Since the node with maximum degree has a most hop neighbor numbers, and the neighbor node of node can be visited directly
It measures, therefore shaded nodes can be eliminated to the maximum extent.
Step S2: the current probe node and its neighbor node are removed from the shaded nodes set, and calculated
The detective path of the current probe node each node into the shaded nodes set.
Specifically, it is assumed that administrative center's sink node grasps the topological structure of the whole network and the real time electrical quantity letter of each node
Breath, can calculate egress to the detective path of certain node using routing algorithm, the purpose of the step is for subsequent carry out shade
The judgement of node provides foundation.
In this step, current probe node detective path of each node into the shaded nodes set is calculated
Steps are as follows:
(1) calculate arrive shaded nodes estimate cost: estimate cost be node according to itself to destination region distance and
Numerical value after the dump energy two parts normalization of itself, calculation are as follows: c (N, R)=ad (N, R)+(1-a) e (N).
Wherein, c (N, R) indicates that the estimate cost of node N event area R, d (N, R) indicate distance of the node N to event area, e (N)
Indicate the dump energy of node N, a is normalization scale parameter.
(2) after node sends detection, cost information is chosen in neighbor node with greedy algorithm and is worth the smallest node work
For next-hop node.
(3) routing cost of oneself is set as next-hop node cost plus the cost of itself a jump communication.
(4) to the routing cavity problem being likely to occur, i.e. certain node finds that the cost value of its neighbor node is all bigger than itself,
It then chooses the smallest neighbor node of cost information to be forwarded, walks out cavity.
Step S3: judging whether the current probe node is first probe node, if so, S5 is thened follow the steps, it is no
Then follow the steps S4;
Step S4: the current probe node detective path of each node and has been selected into the shaded nodes set
Probe node detective path of each node into the shaded nodes set is compared, and is obtained in the shaded nodes set
The standalone probe path that each node has will have the node not less than k standalone probe path from the shaded nodes collection
It is removed in conjunction, wherein k indicates the number of nodes in the network there are failure.
Specifically, standalone probe path refer to reach two detective paths of same destination node independently of each other when and only
When no identical forward direction node, i.e. the two is non-intersecting.Based on the definition in standalone probe path, there are k in default network
Under the premise of malfunctioning node, it is not the neighbours of probe node and includes to be known as shade less than the node of the independent detective path of k item
Node.Therefore, eliminating shaded nodes is exactly to carry out the main purpose of probe node selection, with the continuous determination of probe node,
The number of shaded nodes also gradually reduces.
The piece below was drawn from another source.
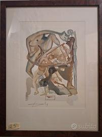 Articolo raro - firmato - timbrato - cornice e vetro Misure : circa cm. 35,5 x 46,5 Dalí impiegò nove anni, producendo 33 disegni per ciascuna sezione,più il ritratto del Sommo Poeta. La commessa fu però ritirata, perché c’era chi non gradiva che fosse un artista catalano a omaggiare il padre della lingua italiana. Le tavole, numerate e firmate a matita da Dalì, dopo la marcia indietro italiana, nel 1960, furono esposte al Musée Galliera di Parigi e, dopo quattro anni di assiduo lavoro con lo stampatore Raymond Jacquet, trasposte in altrettante xilografie. La cartella completa è presente in cento copie al mondo, tutte originali e firmate, ma non uguali, essendo state colorate a mano dall’artista. Le tavole che la compongono misurano 30 per 40 centimetri e quella esposta a Martinengo è una delle cartelle.  Ogni xilografia rappresenta un personaggio o un evento: spesso sono dissacranti, ironiche e grottesche se riferite a scene di Inferno e Purgatorio, delicatissime e celestiali quelle di Dante e Beatrice nel Paradiso.
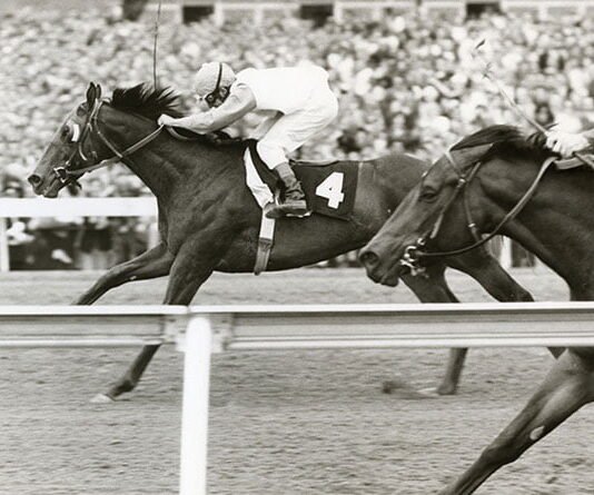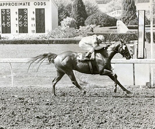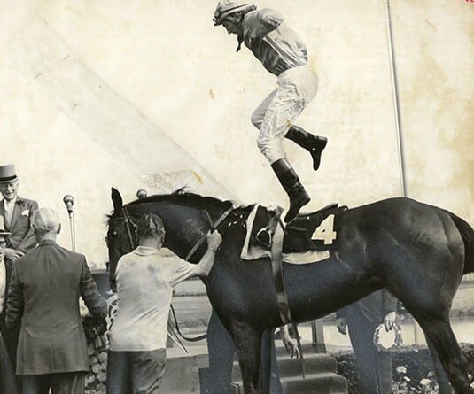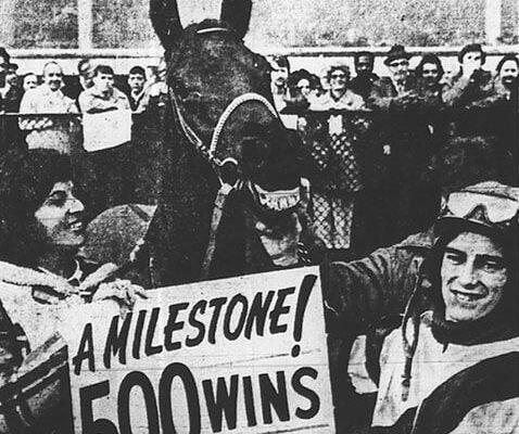 Sandy Hawley and his wife, Sherrie, hold a sign at Laurel proclaiming realization of the goal Hawley set for himself last New Year’s Eve, to ride 500 winners in 1973. Charlie, Jr., the horse in the picture above was No. 500 for Canadian jockey. He kept on going and completed Saturday’s card with four wins and total of 503.×

Optionally, indicate to have selected the collection of probe node detective path of each node into the shaded nodes set with PT
It closes, PS indicates the set of current probe node detective path of each node into the shaded nodes set, then this step packet
It includes:
PT is traversed, if the detective path traversed and certain detective path purpose shaded nodes having the same and phase in PS
Mutually independent, then the standalone probe number of path N that the shaded nodes have adds 1;
If N is more than or equal to k, which is removed from shaded nodes set;Wherein, k is indicated in the network
There are the number of nodes of failure.
PS is put into PT.
Traversal has selected the detective path set of probe node each node into the shaded nodes set,
Step S5: under being chosen according to the geographical position coordinates of each node in the shaded nodes set using genetic algorithm
One probe node, and using the probe node of selection as new current probe node, return step S2, until described selected spy
The quantity for surveying node reaches preset upper limit value or the shaded nodes collection is combined into sky.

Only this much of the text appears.